Are the numbers real?

annual revenue of backing company:

  • ubuntu/debian: ca. 300m$
  • suse: ca. 700m$

That's astonishing

I fully support the choice of fedora with bootc. It's an amazing technology. But it's somewhat sad that it's not a European linux base for European institutions.

Edit: Nunbers for suse are correct: ARR FY 664.9

Source

Ubuntu is also correct

[–] wildbus8979@sh.itjust.works 13 points 3 weeks ago (1 children)

Oh imagine if canonical gave even a fraction of that back to Debian.

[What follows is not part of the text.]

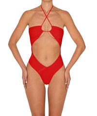 BSWS-S82 Halter Tie Neck One Piece With Center Front Cutout

[–] lengau@midwest.social 10 points 3 weeks ago

You mean like by hiring a significant chunk of Debian maintainers, including the most active apt developer, by having their employees maintain a significant chunk of Debian packages, and by explicitly upstreaming their patches to Debian?

[–] UnfortunateShort@lemmy.world 9 points 3 weeks ago (1 children)

Jep, SUSE is quite big. Ubuntu is only more popular among private users

[–] illusionist@lemmy.zip 4 points 3 weeks ago

I guess suse has big profitable gov contracts

[–] redsand -4 points 3 weeks ago (1 children)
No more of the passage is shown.